▶ Problem:
Across the whole listing, return each line exactly, with no images included.

▶ Raw data:
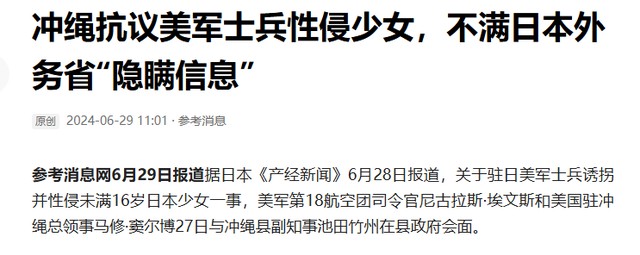 无论媒曝光的1995年的12岁冲绳少女被驻美基地的3名士兵暴力迫害,还是2023年10月16岁的冲绳女生被驻地的美国士兵暴力迫害。
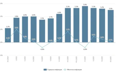 Разходите за регулирани енергийни продукти са нараснали допълнително до 5,2 на сто спрямо 3,2 на сто, а ръстът на цените на недълготрайните стоки се е забавил до 0,6 на сто от 1 на сто.
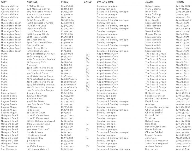 Corona del Mar 3 Malibu Circle $2,495,000 Saturday 1pm-4pm Dylan Mason 949-294-7832 Corona del Mar 440 Morning Canyon $2,195,000 Sunday 1pm-4pm Mary Golding 949.929.3184 Corona del Mar 605 Poinsettia Avenue $1,729,000 Saturday & Sunday 1pm-4pm Brian Rich 949.500.4668 Corona del Mar 709 Narcissus Avenue $1,599,000 Saturday 1pm-4pm Mary Golding 949.929.3184 Corona del Mar 313 Fernleaf Avenue $875,000 Saturday 1pm-5pm Patsy Metcalf 949.629.1280 Dana Point 34545 Scenic Drive $8,350,000 Saturday & Sunday 1pm-4pm Kindy Slagle 949.422.4000 Huntington Beach 16482 Barnstable Circle $4,500,000 Sunday 1pm-4pm Sean Stanfield 714.421.3377 Huntington Beach 17011 Bolero Lane $3,595,000 Saturday & Sunday 1pm-4pm Sean Stanfield 714.421.3377 Huntington Beach 16592 Nalu Circle $3,399,000 Saturday & Sunday 1pm-4pm Powers Team 562.754.4104 Huntington Beach 17022 Baruna Lane $2,985,000 Sunday 1pm-4pm Sean Stanfield 714.421.3377 Huntington Beach 16122 Bonaire Circle $1,795,000 Saturday 1pm-4pm Brooke Meyer 714.342.1194 Huntington Beach 4091 Figaro Circle $1,650,000 Sunday 1pm-4pm Sean Stanfield 714.421.3377 Huntington Beach 616 Crest Street $1,399,000 Saturday & Sunday 1pm-4pm Sean Stanfield 714.421.3377 Huntington Beach 6582 Cedarwood Drive $1,349,000 Sunday 1pm-4pm Sean Stanfield 714.421.3377 Huntington Beach 626 22nd Street $1,149,000 Saturday & Sunday 1pm-4pm Sean Stanfield 714.421.3377 Huntington Beach 3962 Mistral Drive $1,099,000 Saturday 1pm-4pm Sean Stanfield 714.421.3377 Huntington Beach 16532 Brigham Lane $979,000 Saturday & Sunday 1pm-4pm Sean Stanfield 714.421.3377 Irvine 3079 Scholarship Avenue $1,248,000 [G] Appointment Only The Soussé Group 714.412.8512 Irvine 21 Gramercy #306 $658,000 [G] Appointment Only The Soussé Group 714.412.8512 Irvine 5064 Scholarship Avenue $648,888 [G] Appointment Only The Soussé Group 714.412.8512 Irvine 21 Gramercy #302 $608,000 [G] Appointment Only The Soussé Group 714.412.8512 Irvine 7 Delancy $608,000 [G] Appointment Only The Soussé Group 714.412.8512 Irvine 3368 Watermarke Place $530,000 [G] Appointment Only The Soussé Group 714.412.8512 Irvine 1112 Scholarship Avenue $518,000 [G] Appointment Only The Soussé Group 714.412.8512 Irvine 379 Stanford Court $518,000 [G] Appointment Only The Soussé Group 714.412.8512 Irvine 2238 Watermarke Place $358,000 [G] Appointment Only The Soussé Group 714.412.8512 Irvine 3076 Scholarship Avenue $4,800/month [G] Appointment Only The Soussé Group 714.412.8512 Irvine 3270 Watermarke Place $2,750/month [G] Appointment Only The Soussé Group 714.412.8512 Irvine 2323 Scholarship Avenue $2,100/month [G] Appointment Only The Soussé Group 714.412.8512 Irvine 2170 Scholarship Avenue $2,000/month [G] Appointment Only The Soussé Group 714.412.8512 Irvine 1104 Scholarship Avenue $1,550/month [G] Appointment Only The Soussé Group 714.412.8512 Ladera Ranch 9 Emmy Lane $1,249,000 Saturday 1pm-4pm Bridget Hood 949.230.8313 Laguna Beach 345 Camden Place $4,950,000 Sunday 2pm-5pm Nancee Swensson 949.813.6883 Laguna Beach 4 Pacific Vista $2,995,000 Sunday 1pm-4pm Marilie Croul-Bunce 949.357.9936 Laguna Beach 326 Ruby Street $2,345,000 Saturday & Sunday 1pm-4pm Derik Brian 949.370.0771 Laguna Beach 1974 San Remo Drive $2,295,000 Saturday & Sunday 1pm-4pm Ann Ngo 949.632.7205 Laguna Niguel 35 Newcastle $1,775,000 [G] Sunday 1pm-4pm Melissa Davies-Crispi 949-374-7830 Laguna Niguel 15 Belcrest $1,249,000 [G] Saturday & Sunday 1pm-4pm Charles Brickell 949.233.1694 Laguna Niguel 26 Center Court $879,900 Sunday 1pm-4pm Charles Brickell 949.233.1694 Newport Beach 1700 E. Oceanfront $8,750,000 Saturday 1pm-4pm Richard Lee 949.466.3223 Newport Beach 1700 E. Oceanfront $8,750,000 Sunday 1pm-4pm Vicki Lee 949.466.3223 Newport Beach 2105 E. Balboa Boulevard $4,199,000 Sunday 1pm-4pm Dylan Mason 949-294-7832 Newport Beach 2525 Crestview Drive $2,695,000 [G] Sunday 1pm-5pm Debi Bibb 949-533-5101 Newport Beach 308 Holmwood $1,925,000 Sunday 1pm-4pm Beverly Cleveland 949.394.6500 Newport Beach 3121 West Coast #8C $850,000 [G] Saturday 1pm-4pm Renee Bolster 949.400.0789 Newport Beach 101 Via Athena $565,000 Saturday & Sunday 1pm-4pm Charles Brickell 949.233.1694 Newport Beach 12 Latitude Court $459,000 Sunday 1pm-4pm Sharon Paxson 949.280.0681 Newport Coast 134 Sidney Bay $2,598,000 [G] Saturday & Sunday 1pm-4pm John Cain 714.655.8940 Newport Coast 3 Highpoint $2,250,000 Sunday 1pm-4pm Sherri Van Wagenen 949.939.0008 Newport Coast 9 Altino $1,595,000 Saturday 1pm-4pm Sherri Van Wagenen 949.939.0008 San Clemente 44 Calle Ameno $3,499,000 [G] Sunday 1pm-4pm Adriana Farfan 949.400.9136 San Clemente 1501 Buena Vista – B $1,675,000 Saturday & Sunday 12pm-4pm Kip Horney 949.290.8595

▶ Solution for this problem:
 无论媒曝光的1995年的12岁冲绳少女被驻美基地的3名士兵暴力迫害,还是2023年10月16岁的冲绳女生被驻地的美国士兵暴力迫害。
 Разходите за регулирани енергийни продукти са нараснали допълнително до 5,2 на сто спрямо 3,2 на сто, а ръстът на цените на недълготрайните стоки се е забавил до 0,6 на сто от 1 на сто.
 Corona del Mar 3 Malibu Circle $2,495,000 Saturday 1pm-4pm Dylan Mason 949-294-7832 Corona del Mar 440 Morning Canyon $2,195,000 Sunday 1pm-4pm Mary Golding 949.929.3184 Corona del Mar 605 Poinsettia Avenue $1,729,000 Saturday & Sunday 1pm-4pm Brian Rich 949.500.4668 Corona del Mar 709 Narcissus Avenue $1,599,000 Saturday 1pm-4pm Mary Golding 949.929.3184 Corona del Mar 313 Fernleaf Avenue $875,000 Saturday 1pm-5pm Patsy Metcalf 949.629.1280 Dana Point 34545 Scenic Drive $8,350,000 Saturday & Sunday 1pm-4pm Kindy Slagle 949.422.4000 Huntington Beach 16482 Barnstable Circle $4,500,000 Sunday 1pm-4pm Sean Stanfield 714.421.3377 Huntington Beach 17011 Bolero Lane $3,595,000 Saturday & Sunday 1pm-4pm Sean Stanfield 714.421.3377 Huntington Beach 16592 Nalu Circle $3,399,000 Saturday & Sunday 1pm-4pm Powers Team 562.754.4104 Huntington Beach 17022 Baruna Lane $2,985,000 Sunday 1pm-4pm Sean Stanfield 714.421.3377 Huntington Beach 16122 Bonaire Circle $1,795,000 Saturday 1pm-4pm Brooke Meyer 714.342.1194 Huntington Beach 4091 Figaro Circle $1,650,000 Sunday 1pm-4pm Sean Stanfield 714.421.3377 Huntington Beach 616 Crest Street $1,399,000 Saturday & Sunday 1pm-4pm Sean Stanfield 714.421.3377 Huntington Beach 6582 Cedarwood Drive $1,349,000 Sunday 1pm-4pm Sean Stanfield 714.421.3377 Huntington Beach 626 22nd Street $1,149,000 Saturday & Sunday 1pm-4pm Sean Stanfield 714.421.3377 Huntington Beach 3962 Mistral Drive $1,099,000 Saturday 1pm-4pm Sean Stanfield 714.421.3377 Huntington Beach 16532 Brigham Lane $979,000 Saturday & Sunday 1pm-4pm Sean Stanfield 714.421.3377 Irvine 3079 Scholarship Avenue $1,248,000 [G] Appointment Only The Soussé Group 714.412.8512 Irvine 21 Gramercy #306 $658,000 [G] Appointment Only The Soussé Group 714.412.8512 Irvine 5064 Scholarship Avenue $648,888 [G] Appointment Only The Soussé Group 714.412.8512 Irvine 21 Gramercy #302 $608,000 [G] Appointment Only The Soussé Group 714.412.8512 Irvine 7 Delancy $608,000 [G] Appointment Only The Soussé Group 714.412.8512 Irvine 3368 Watermarke Place $530,000 [G] Appointment Only The Soussé Group 714.412.8512 Irvine 1112 Scholarship Avenue $518,000 [G] Appointment Only The Soussé Group 714.412.8512 Irvine 379 Stanford Court $518,000 [G] Appointment Only The Soussé Group 714.412.8512 Irvine 2238 Watermarke Place $358,000 [G] Appointment Only The Soussé Group 714.412.8512 Irvine 3076 Scholarship Avenue $4,800/month [G] Appointment Only The Soussé Group 714.412.8512 Irvine 3270 Watermarke Place $2,750/month [G] Appointment Only The Soussé Group 714.412.8512 Irvine 2323 Scholarship Avenue $2,100/month [G] Appointment Only The Soussé Group 714.412.8512 Irvine 2170 Scholarship Avenue $2,000/month [G] Appointment Only The Soussé Group 714.412.8512 Irvine 1104 Scholarship Avenue $1,550/month [G] Appointment Only The Soussé Group 714.412.8512 Ladera Ranch 9 Emmy Lane $1,249,000 Saturday 1pm-4pm Bridget Hood 949.230.8313 Laguna Beach 345 Camden Place $4,950,000 Sunday 2pm-5pm Nancee Swensson 949.813.6883 Laguna Beach 4 Pacific Vista $2,995,000 Sunday 1pm-4pm Marilie Croul-Bunce 949.357.9936 Laguna Beach 326 Ruby Street $2,345,000 Saturday & Sunday 1pm-4pm Derik Brian 949.370.0771 Laguna Beach 1974 San Remo Drive $2,295,000 Saturday & Sunday 1pm-4pm Ann Ngo 949.632.7205 Laguna Niguel 35 Newcastle $1,775,000 [G] Sunday 1pm-4pm Melissa Davies-Crispi 949-374-7830 Laguna Niguel 15 Belcrest $1,249,000 [G] Saturday & Sunday 1pm-4pm Charles Brickell 949.233.1694 Laguna Niguel 26 Center Court $879,900 Sunday 1pm-4pm Charles Brickell 949.233.1694 Newport Beach 1700 E. Oceanfront $8,750,000 Saturday 1pm-4pm Richard Lee 949.466.3223 Newport Beach 1700 E. Oceanfront $8,750,000 Sunday 1pm-4pm Vicki Lee 949.466.3223 Newport Beach 2105 E. Balboa Boulevard $4,199,000 Sunday 1pm-4pm Dylan Mason 949-294-7832 Newport Beach 2525 Crestview Drive $2,695,000 [G] Sunday 1pm-5pm Debi Bibb 949-533-5101 Newport Beach 308 Holmwood $1,925,000 Sunday 1pm-4pm Beverly Cleveland 949.394.6500 Newport Beach 3121 West Coast #8C $850,000 [G] Saturday 1pm-4pm Renee Bolster 949.400.0789 Newport Beach 101 Via Athena $565,000 Saturday & Sunday 1pm-4pm Charles Brickell 949.233.1694 Newport Beach 12 Latitude Court $459,000 Sunday 1pm-4pm Sharon Paxson 949.280.0681 Newport Coast 134 Sidney Bay $2,598,000 [G] Saturday & Sunday 1pm-4pm John Cain 714.655.8940 Newport Coast 3 Highpoint $2,250,000 Sunday 1pm-4pm Sherri Van Wagenen 949.939.0008 Newport Coast 9 Altino $1,595,000 Saturday 1pm-4pm Sherri Van Wagenen 949.939.0008 San Clemente 44 Calle Ameno $3,499,000 [G] Sunday 1pm-4pm Adriana Farfan 949.400.9136 San Clemente 1501 Buena Vista – B $1,675,000 Saturday & Sunday 12pm-4pm Kip Horney 949.290.8595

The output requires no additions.